I have a tab delimited data set as such (some columns removed but not relevant here):
XYZ 12345671 18884 18912 222.00 222.00 Standard 2 CMD.1
ABC 12345672 18875 397.00 Standard 1 CMD.2
ABC 12345673 18889 18919 18950 146.66 146.66 146.68 Standard 3 CMD.2
XYZ 12345674 18840 18871 18901 193.00 193.00 192.00 Standard 3 CMD.1
Unfortunately in the data set there are two multi-value fields (with 1 or more sub-values) using the same delimiter as every other column. All of the 5 digit numbers starting with 18 are one field, then all of the decimal numbers are a second field. The number of sub-values will always match between these fields (that is, if the first has 2 values the second will have 2 values). The lonae number by itself between "Standard" and "CMD.X" is the number of sub-values in each of those fields. Basically, what I'm trying to create is:
XYZ 12345671 18884;18912 222.00;222.00 Standard 2 CMD.1
ABC 12345672 18875 397.00 Standard 1 CMD.2
ABC 12345673 18889;18919;18950 146.66;146.66;146.68 Standard 3 CMD.2
XYZ 12345674 18840;18871;18901 193.00;193.00;192.00 Standard 3 CMD.1
Due to the filesize, I am trying to use this with System.IO.File (as many as 100,000k records):
$File = [System.IO.File]::ReadAllText('in_file.txt')

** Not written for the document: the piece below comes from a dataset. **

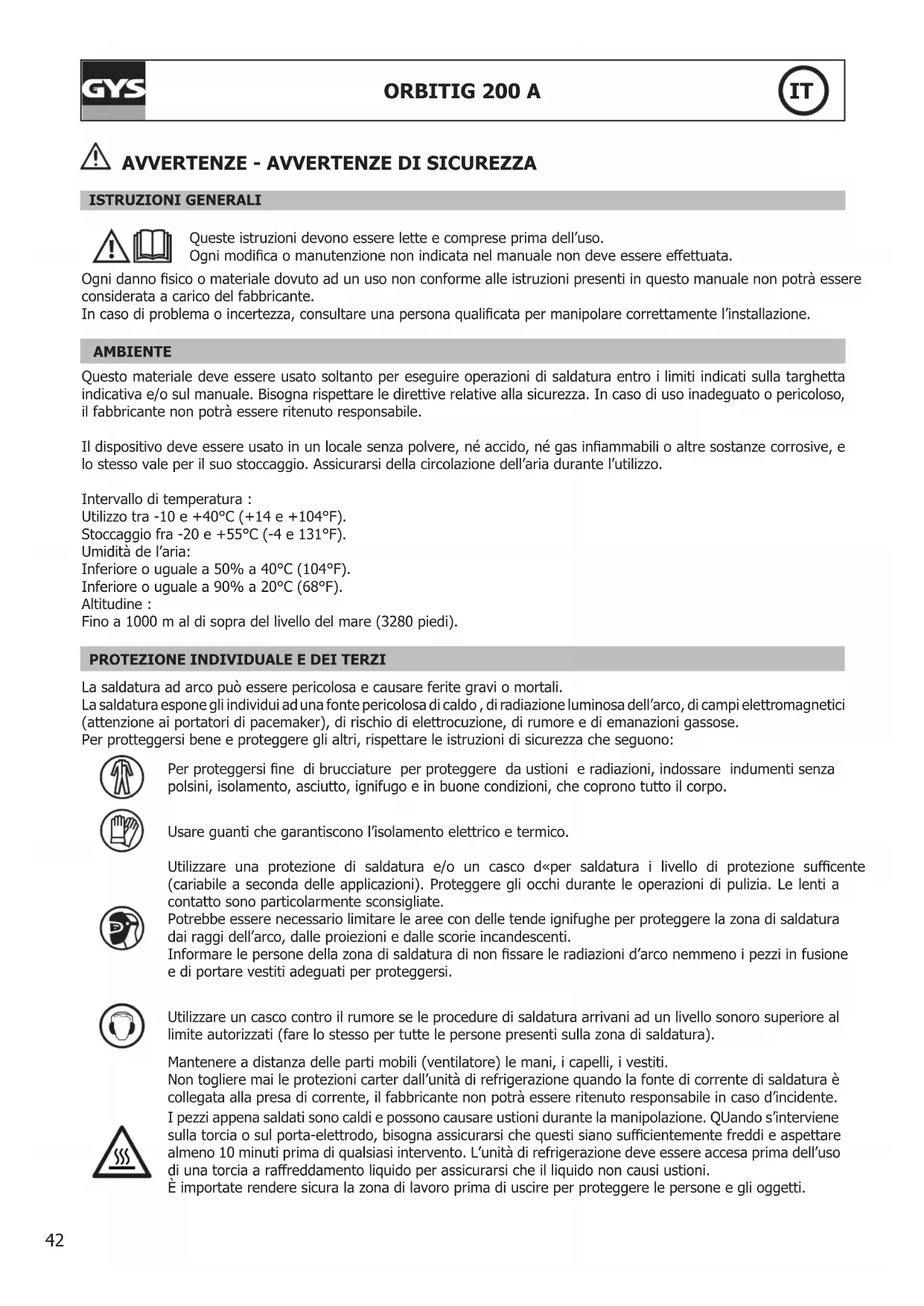 La saldatura ad arco può essere pericolosa e causare ferite gravi o mortali. La saldatura espone gli individui ad una fonte pericolosa di caldo , di radiazione luminosa dell’arco, di campi elettromagnetici (attenzione ai portatori di pacemaker), di rischio di elettrocuzione, di rumore e di emanazioni gassose. Per protteggersi bene e proteggere gli altri, rispettare le istruzioni di sicurezza che seguono: Per proteggersi ne di brucciature per proteggere da ustioni e radiazioni, indossare indumenti senza polsini, isolamento, asciutto, ignifugo e in buone condizioni, che coprono tutto il corpo. Usare guanti che garantiscono l’isolamento elettrico e termico. Utilizzare una protezione di saldatura e/o un casco d«per saldatura i livello di protezione sucente (cariabile a seconda delle applicazioni). Proteggere gli occhi durante le operazioni di pulizia. Le lenti a contatto sono particolarmente sconsigliate. Potrebbe essere necessario limitare le aree con delle tende ignifughe per proteggere la zona di saldatura dai raggi dell’arco, dalle proiezioni e dalle scorie incandescenti. Informare le persone della zona di saldatura di non ssare le radiazioni d’arco nemmeno i pezzi in fusione e di portare vestiti adeguati per proteggersi. Utilizzare un casco contro il rumore se le procedure di saldatura arrivani ad un livello sonoro superiore al limite autorizzati (fare lo stesso per tutte le persone presenti sulla zona di saldatura). Mantenere a distanza delle parti mobili (ventilatore) le mani, i capelli, i vestiti. Non togliere mai le protezioni carter dall’unità di refrigerazione quando la fonte di corrente di saldatura è collegata alla presa di corrente, il fabbricante non potrà essere ritenuto responsabile in caso d’incidente. I pezzi appena saldati sono caldi e possono causare ustioni durante la manipolazione. QUando s’interviene sulla torcia o sul porta-elettrodo, bisogna assicurarsi che questi siano sucientemente freddi e aspettare almeno 10 minuti prima di qualsiasi intervento. L’unità di refrigerazione deve essere accesa prima dell’uso di una torcia a rareddamento liquido per assicurarsi che il liquido non causi ustioni. È importate rendere sicura la zona di lavoro prima di uscire per proteggere le persone e gli oggetti.43 ORBITIG 200 A

ForEach($RecordSet In $File){
$RecordSet = $RecordSet -CReplace '(?m)(/d/d/d/d/d)`t(/d/d/d/d/d)','(/d/d/d/d/d);(/d/d/d/d/d)'
$RecordSet = $RecordSet -CReplace '(?m)([0-9]*\.[0-9]+|[0-9]+)`t([0-9]*\.[0-9]+|[0-9]+)','([0-9]*\.[0-9]+|[0-9]+);([0-9]*\.[0-9]+|[0-9]+)'
Add-Content ('out_file.txt") $RecordSet
}
Yes, I realize the in_file.txt is a stupid format -- it's not changeable unfortunately.
Maybe,
(?<=\s\d{5}\b)\s+(?=\b\d{5}\b)|(?<=\s\d{3}\.\d{2}\b)\s+(?=\b\d{3}\.\d{2}\b)
and a replacement of ;
might be OK to look into.
or you can likely capture those with an expression similar to,
(\d+)\s{3}(\d+)\s{3}(?:(\d+)\s{3})?(\d+\.\d+)\s{2}(\d+\.\d+)\s{2}(?:(\d+\.\d+)\s{2})?Standard
then, replace with $1;$2;$3;$4;$5;$6;
or $1;$2;$4;$5;
.
If you wish to simplify/modify/explore the expression, it's been explained on the top right panel of regex101.com. If you'd like, you can also watch in this link, how it would match against some sample inputs.